• Directions for this task
Beginning with the line that contains "Foulard, écharpe , étole", copy each subsequent line of the data below through the last one, including both ends but not the pictures.

• Dataset excerpt
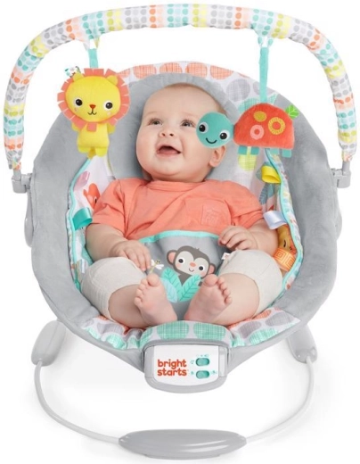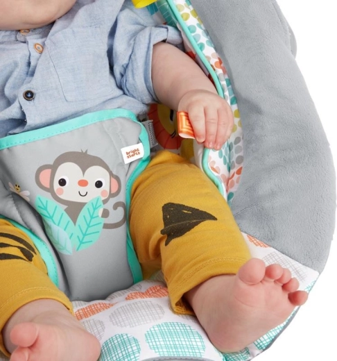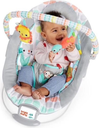 Lehátko Bright Starts Whimsical Wild je navrženo pro každodenní pohodlí a zábavu. Měkké polstrování, odnímatelná opěrka hlavy a integrovaná novorozenecká vložka poskytují miminku správnou oporu. Uklidňující vibrace a 7 melodií s nastavitelnou hlasitostí pomáhají utišit a uspat, zatímco časovač 15 minut šetří baterie.
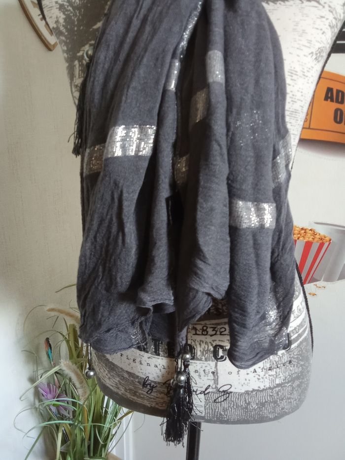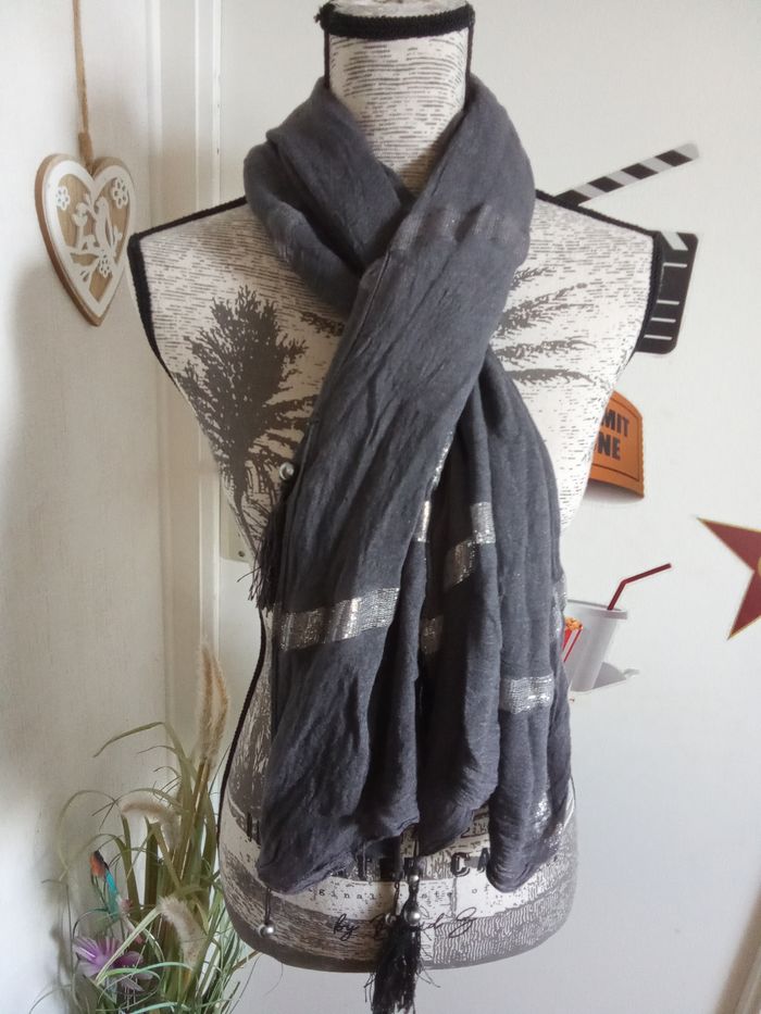 Foulard, écharpe , étole femme gris, blanc taille unique
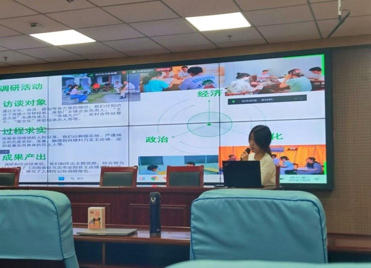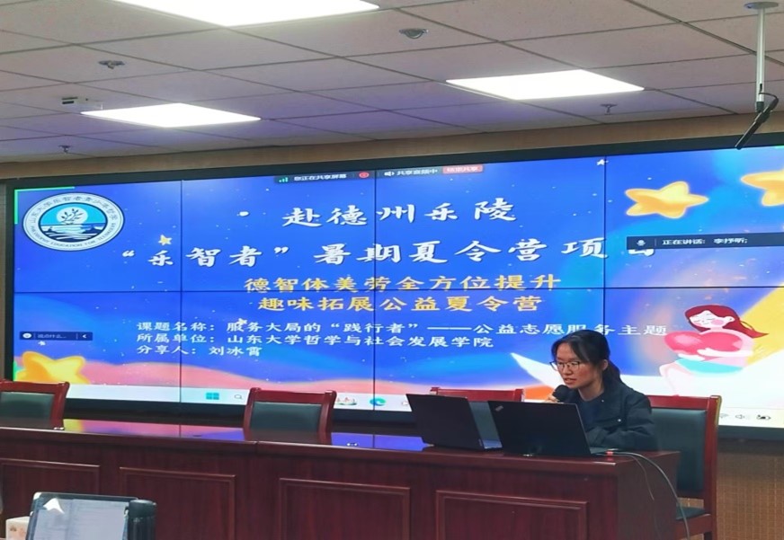 乐智者赴德州乐陵夏令营团队的刘冰霄进行分享。她通过展示团队项目的前期立项过程和最终成果,阐述了哲学教育在基层支教活动中的重要性和可为性,同时向同学们讲解了社会实践项目在立项结项过程中可能遇到的问题和解决方案。其中关于夏令营筹备和实施经验的详细分享,使在场新生受益匪浅。

• Your response
 Foulard, écharpe , étole femme gris, blanc taille unique
 乐智者赴德州乐陵夏令营团队的刘冰霄进行分享。她通过展示团队项目的前期立项过程和最终成果,阐述了哲学教育在基层支教活动中的重要性和可为性,同时向同学们讲解了社会实践项目在立项结项过程中可能遇到的问题和解决方案。其中关于夏令营筹备和实施经验的详细分享,使在场新生受益匪浅。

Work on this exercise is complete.